Condecoração nos EUA reconhece trajetória de luta pela conservação e destaca papel do Brasil na agenda climática global
A ministra do Meio Ambiente e Mudança do Clima, Marina Silva, foi homenageada em 22 de setembro de 2025, em Nova York, com o Prêmio por Liderança Excepcional em Conservação (Distinguished Leadership in Conservation Award), concedido pela Wildlife Conservation Society (WCS) desde 2012. Pela primeira vez, uma brasileira recebeu essa distinção.
A cerimônia ocorreu no Zoológico do Central Park, durante a Semana do Clima de Nova York. O prêmio foi entregue pelo presidente e CEO da WCS, Adam Falk, que exaltou a coragem, experiência e ambição de Marina Silva como elementos marcantes em sua trajetória de liderança global na conservação da natureza e defesa dos direitos dos povos indígenas e comunidades tradicionais.
Entre os premiados anteriores estão nomes de peso como Hillary Clinton, ex-secretária de Estado dos EUA; Sir David Attenborough, naturalista britânico; e Michael Bloomberg, ex-prefeito de Nova York e enviado da ONU para ação climática.
Durante seu discurso, Marina Silva afirmou sentir profunda honra por ser a primeira brasileira a receber o prêmio. Ela destacou que a homenagem reconhece não apenas sua trajetória pessoal, mas sobretudo a relevância global do Brasil na preservação ambiental e no enfrentamento às mudanças climáticas, especialmente às vésperas da COP30, que será realizada em Belém (novembro de 2025).

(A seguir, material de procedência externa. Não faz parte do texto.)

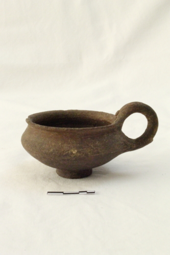 Il reperto presenta un piede ad anello, internamente leggermente umbonato, corpo a profilo ovoidale schiacciato, quasi biconico, orlo leggermente estroflesso, labbro arrotondato e una ansa a sezione circolare, sormontante, che si imposta direttamente sul labbro.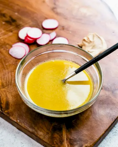 Preparare il condimento per l'insalata tahini non potrebbe essere più semplice! Funziona come salsa per condire o come condimento cremoso per l'insalata. Basta sbattere insieme la tahina e il succo di limone fresco, quindi aggiungere l'olio d'oliva, sale e un po' di sciroppo d'acero per bilanciare i sapori.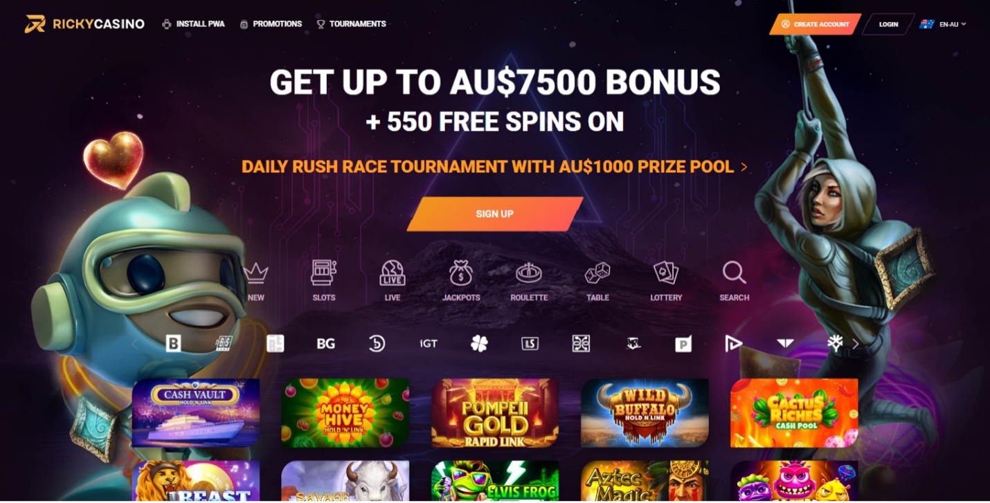 RickyCasino is an online casino Australia site that has a great variety of casino games to play and operates under a Curacao license. The welcome bonus for new players can get up to 7,500 AUD plus 550 free spins. From then on, existing customers can enjoy plenty of weekly promotions such as the Tuesday Bonus, Wednesday Free Spins Day and the Friday Bonus. Additionally, RickyCasino also has a VIP Bonus.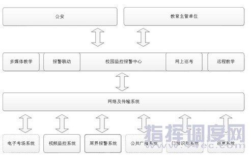 校園安防系統(tǒng)一般由以下子系統(tǒng)組成,根據(jù)教育主管單位的業(yè)務需要和公安部門治安管理的需要將相關圖像信息進行上傳。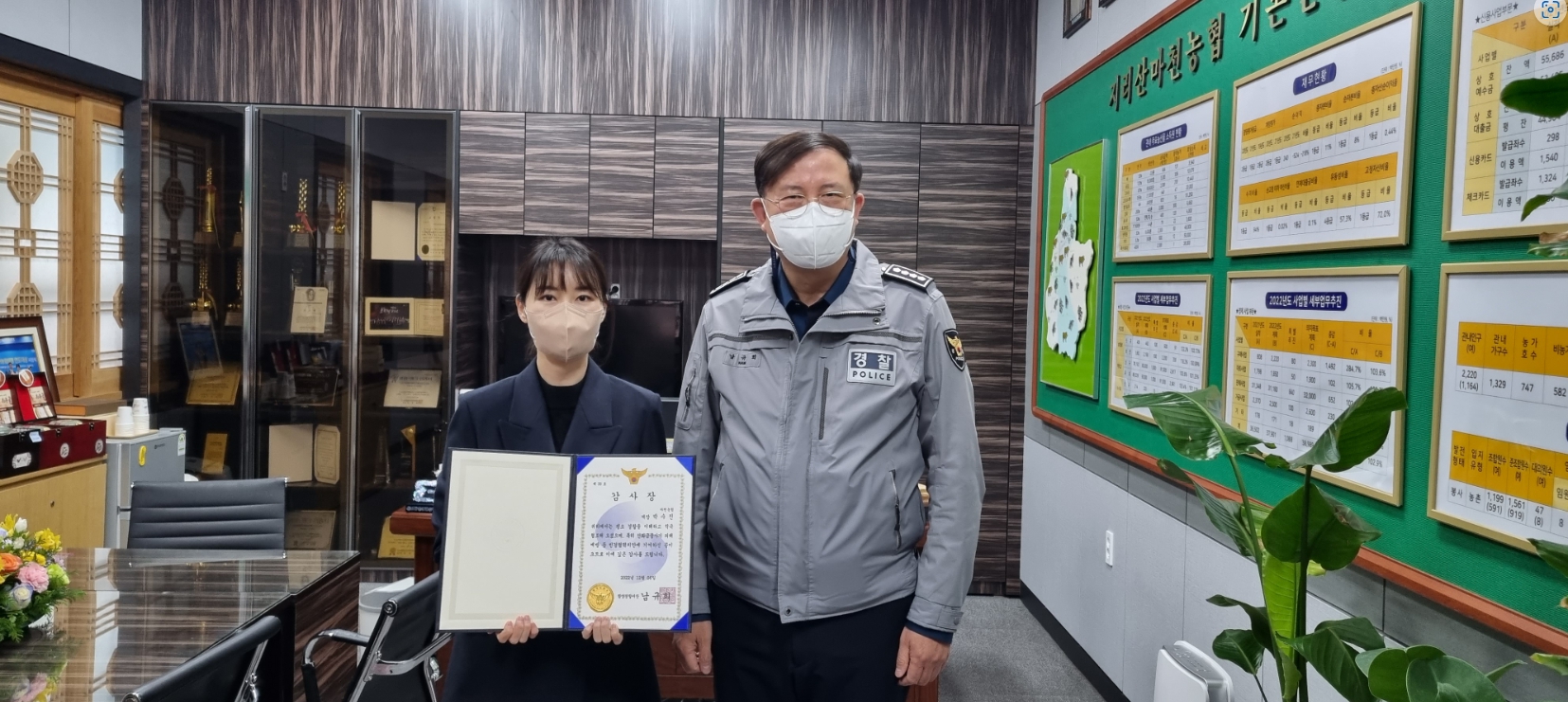 함양경찰서(서장 남규희)는 12. 6.(화). 10:00경 지리산마천농협에 방문하여 전화금융사기(보이스피싱) 피해를 예방한 박수진 계장에게 감사장을 수여했다.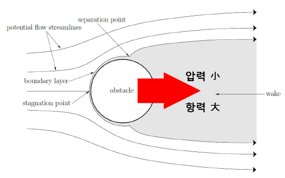 이 때의 항력은 경계층과 물체표면사이의 점성이 만들어 내는 항력과는 근본적으로 다른 '압력항력(Pressure drag 또는 Form drag)'이며 그 영향력도 훨신 큰 편입니다.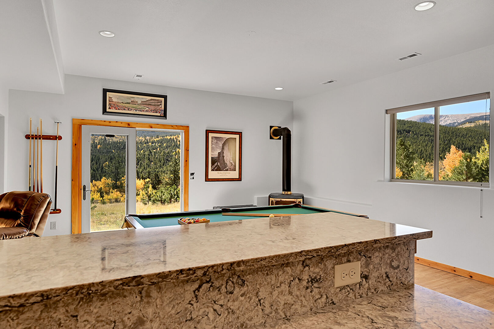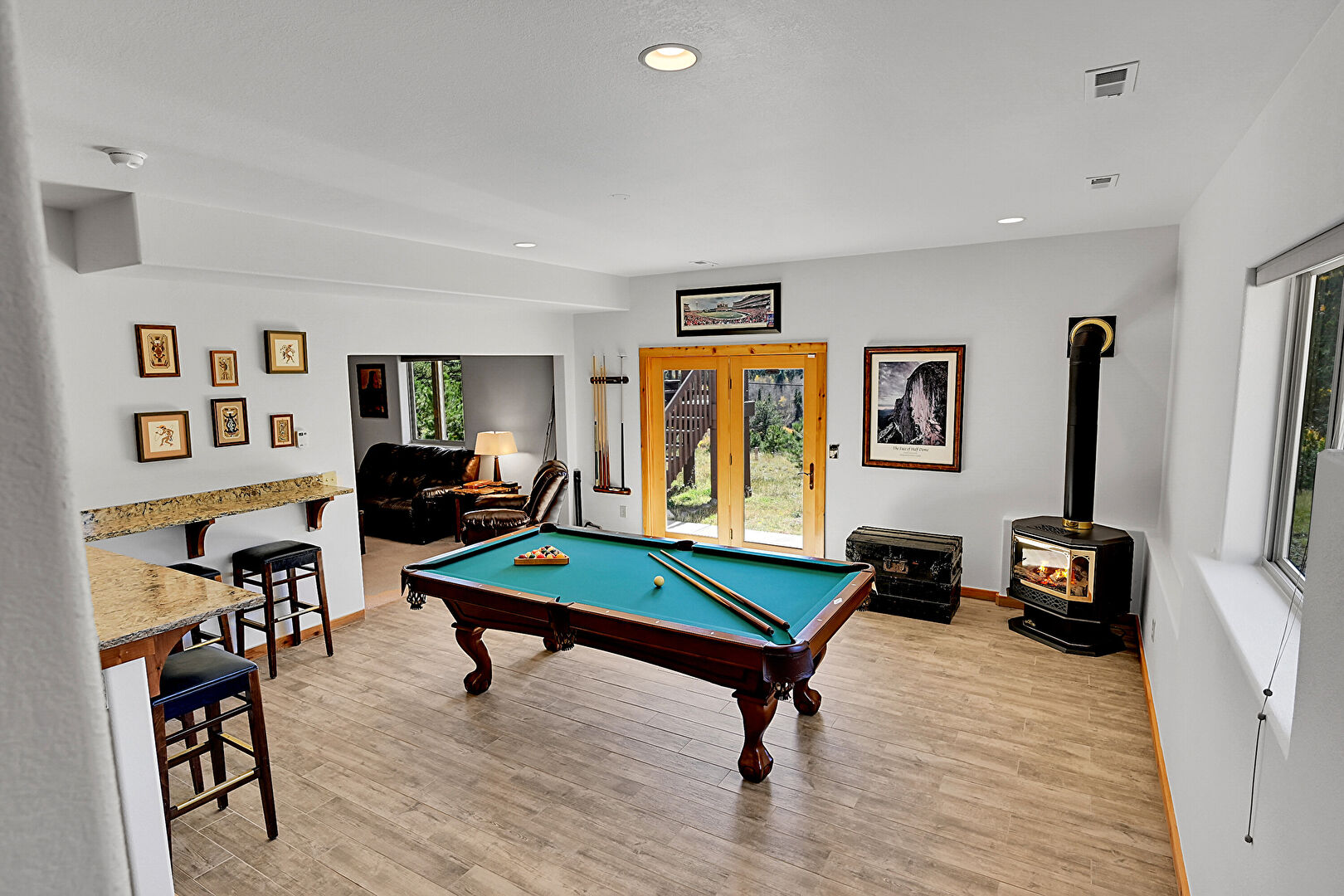 Baseboards Wall, Billiards, Drywall, Mountain View, Natural Light, Recessed Lighting, Smoke Carbon Monoxide Detector, Vent, Wine Cooler, Wood Finish Floor, Wood Stove, Drywall, Recessed Lighting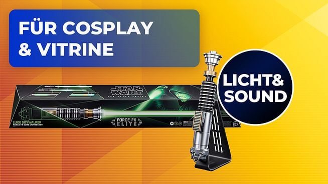 Ein Standfuß ist im Paket enthalten, sodass ihr das „Star Wars“-Lichtschwert würdig in eurer Sammlung präsentieren könnt. Dabei steht es euch frei, ob ihr es mit oder ohne Klinge ausstellt, denn diese lässt sich mit nur wenigen Handgriffen abnehmen. Das ist natürlich auch dann praktisch, wenn ihr das Lichtschwert als Teil eures Cosplays benötigt und ihr es lässig am Gürtel tragen möchtet, statt es fortwährend in Händen zu halten.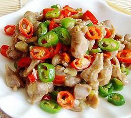 1、鸡胗去除筋膜洗净切片,加料酒、生抽、耗油、胡椒粉、干淀粉拌匀腌制30分钟。青红椒、泡椒切小圈,姜蒜切碎待用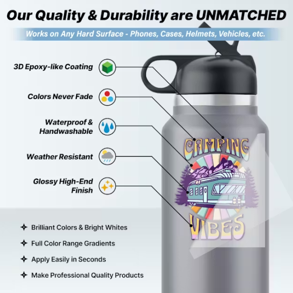 Simply peel, position, and press – no heat press or special equipment required. The strong adhesive ensures long-lasting stick, while the UV-cured ink resists fading, making these stickers ideal for indoor and outdoor use.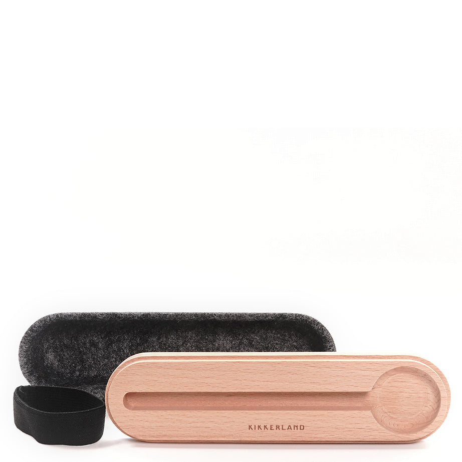 Kikkerland's Felt Pencil Case & Phone Stand is a multi-purpose must-have for your desktop. Keep pens, pencils, cables, and clips in the firm felt case. The wood top can be used as a ruler on one side and a phone stand on the other. Keep it closed with the elastic strap so you can take it with you wherever you go.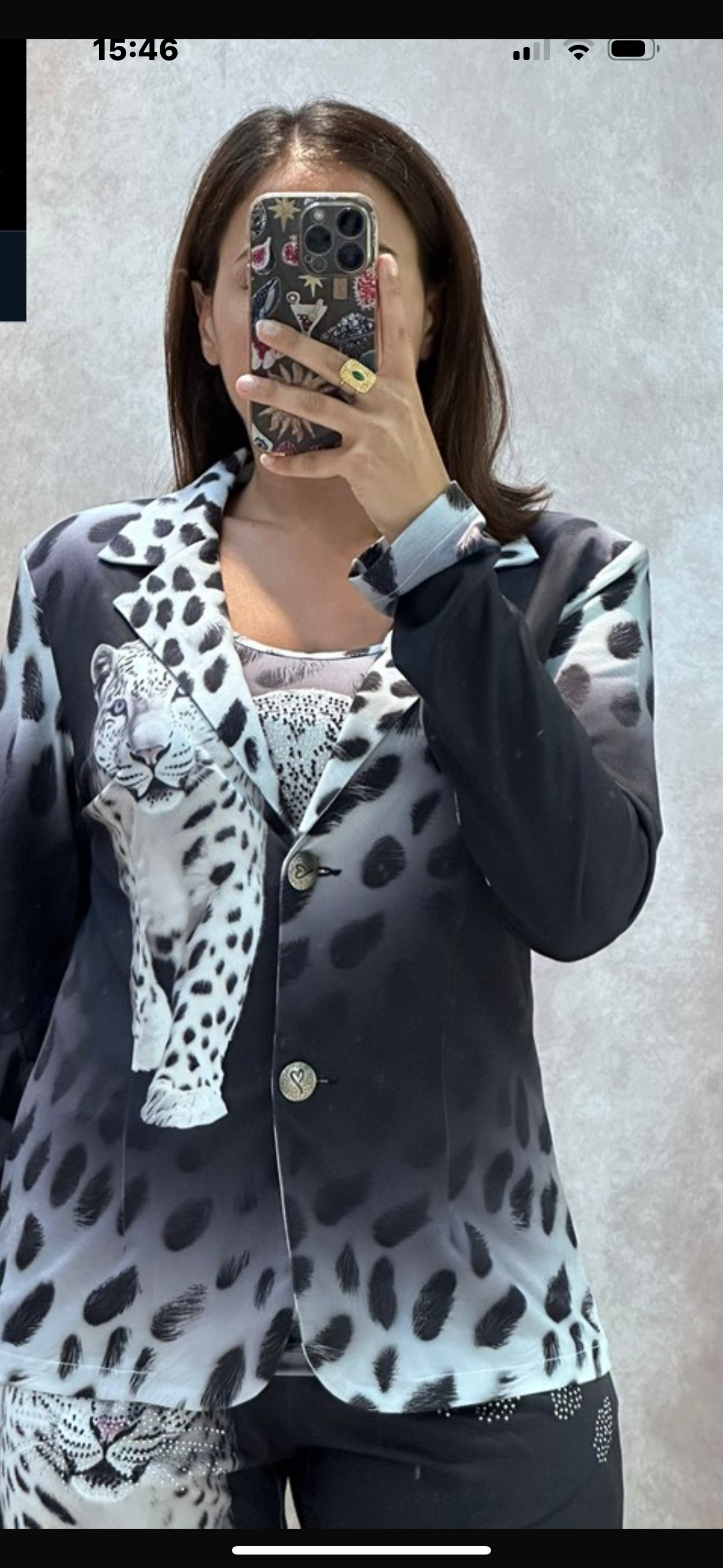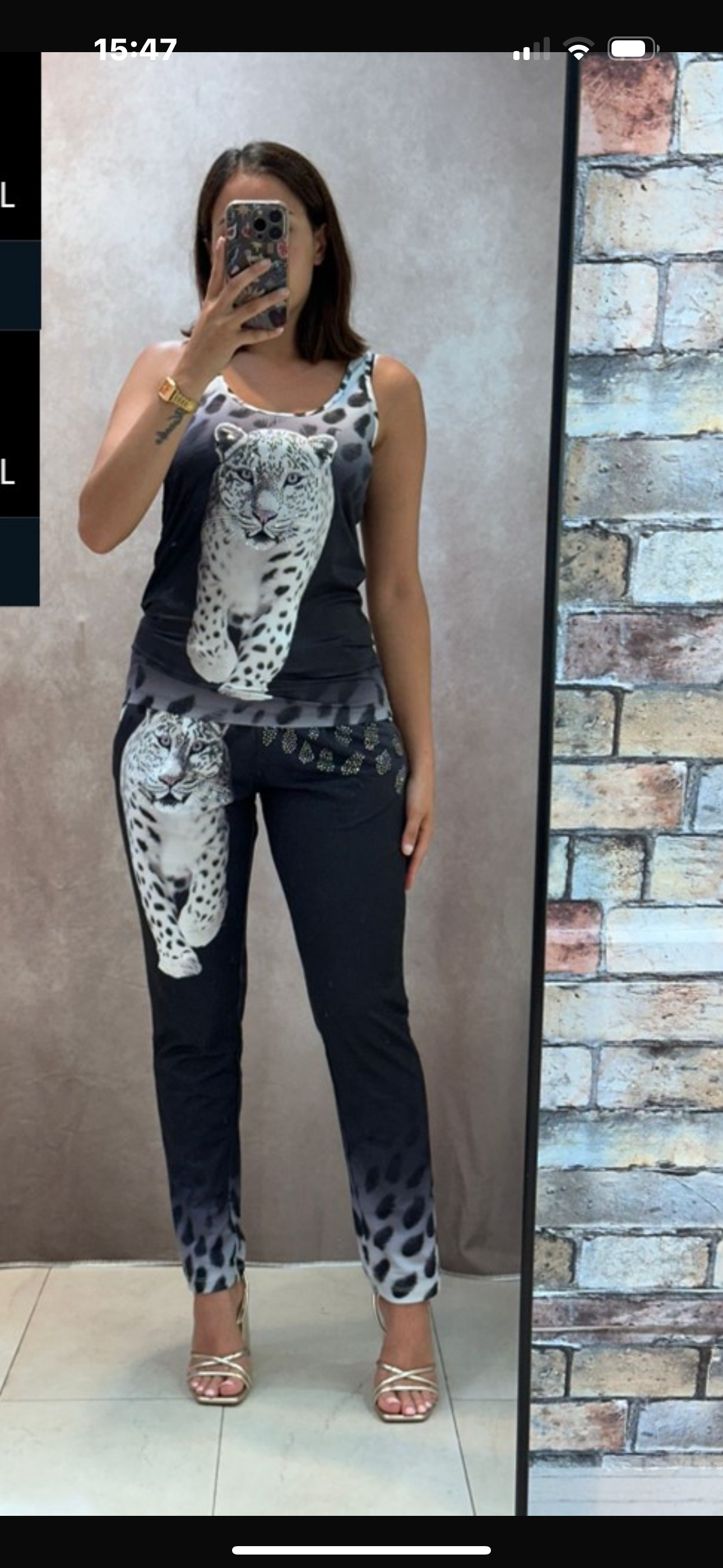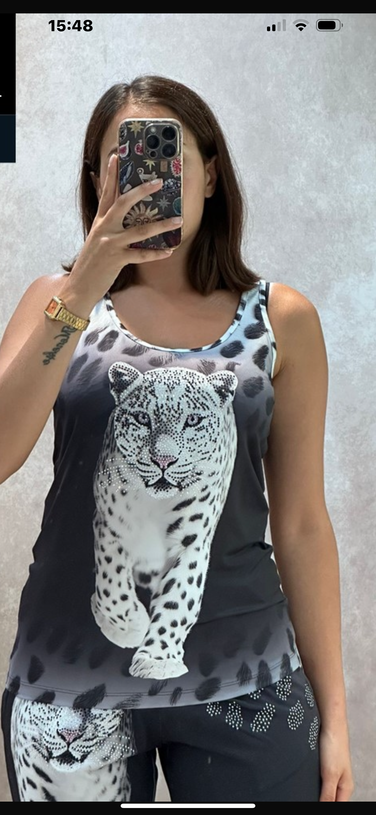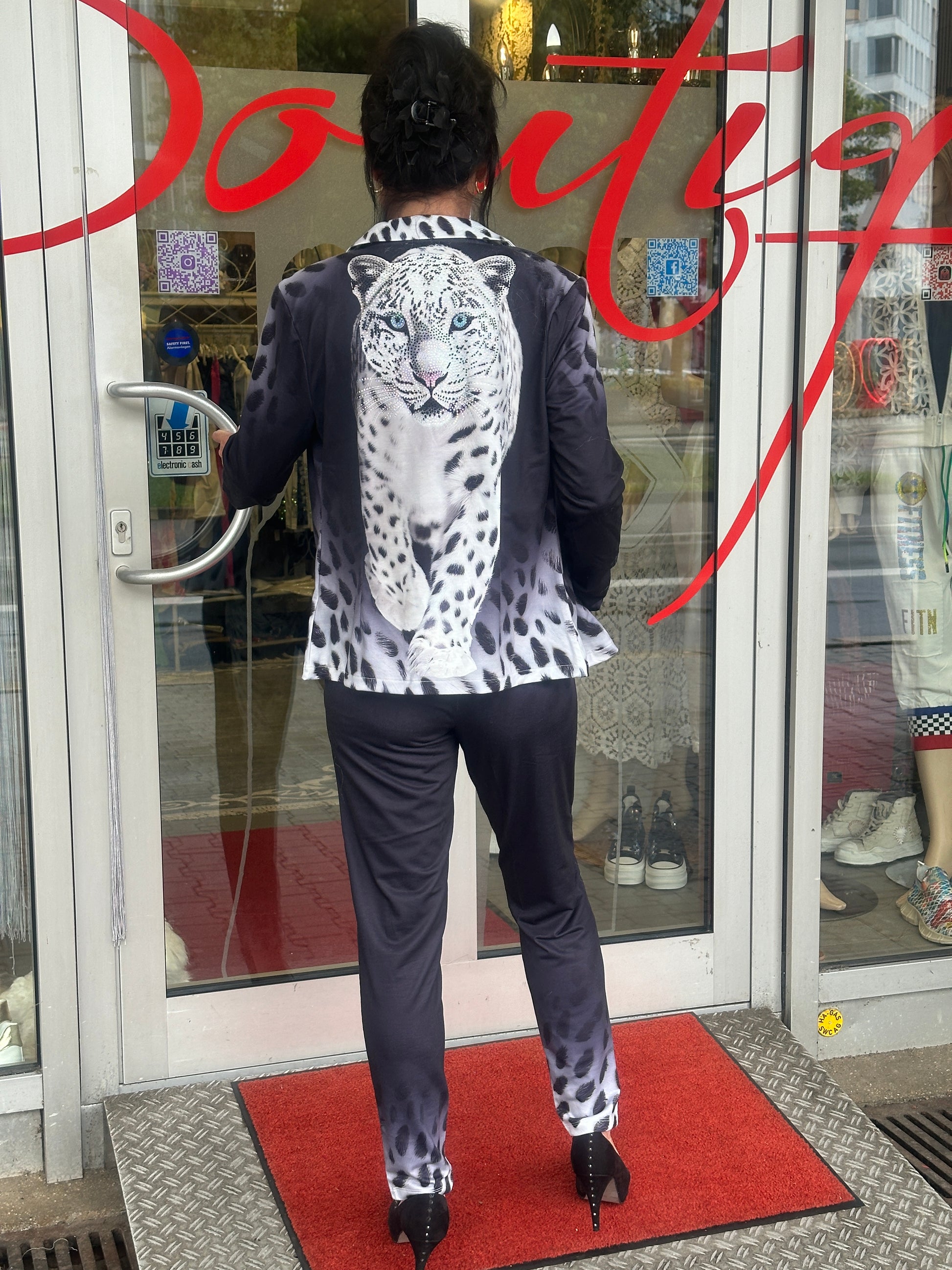 Ein ausdrucksstarker Dreiteiler mit cooler Schwarz-Weiß-Optik und auffälligem Schneeleoparden-Motiv. Der Print sieht schon auf dem Foto stark aus – aber live ist das ein absoluter Hingucker!

Desde o início da gestão atual, Marina ressaltou progressos significativos: redução de 46% no desmatamento da Amazônia, elaboração de uma nova Contribuição Nacionalmente Determinada (NDC) compatível com o limite de 1,5 °C de aquecimento global e implantação de políticas voltadas aos direitos dos povos indígenas e comunidades tradicionais. Ela também falou sobre a criação de mecanismos como o Fundo Florestas Tropicais Para Sempre (TFFF), que tem potencial para beneficiar cerca de 70 países detentores de florestas tropicais .
Segundo Marina, esse fundo não é doação, mas uma inovação financeira onde cada dólar público contribuído pode mobilizar cerca de quatro dólares da iniciativa privada — remunerando áreas protegidas por hectare conservado e exigindo que ao menos 20% dos recursos sejam destinados a povos tradicionais.
Além dos destaques recentes, sua trajetória já rendeu premiações internacionais como o Champions of the Earth (ONU), o prêmio Goldman, o Sophie Prize, entre outros, consolidando-a como uma das principais líderes ambientais globalmente. Atualmente, Marina também figura como a única brasileira na lista de Líderes de Sustentabilidade 2025 da revista Forbes.
No mesmo evento, foi entregue o Prêmio Thomas E. Lovejoy ao antropólogo Martin von Hildebrand, em reconhecimento ao seu meio século de trabalho em defesa dos povos indígenas e conservação da Amazônia, em homenagem ao legado do biólogo Thomas E. Lovejoy, falecido em 2021.
A premiação reforça o crescente protagonismo do Brasil na agenda ambiental global e reafirma a integração entre economia e ecologia como caminho para um futuro sustentável. O país se coloca como ator estratégico na construção de soluções climáticas inovadoras em parceria internacional.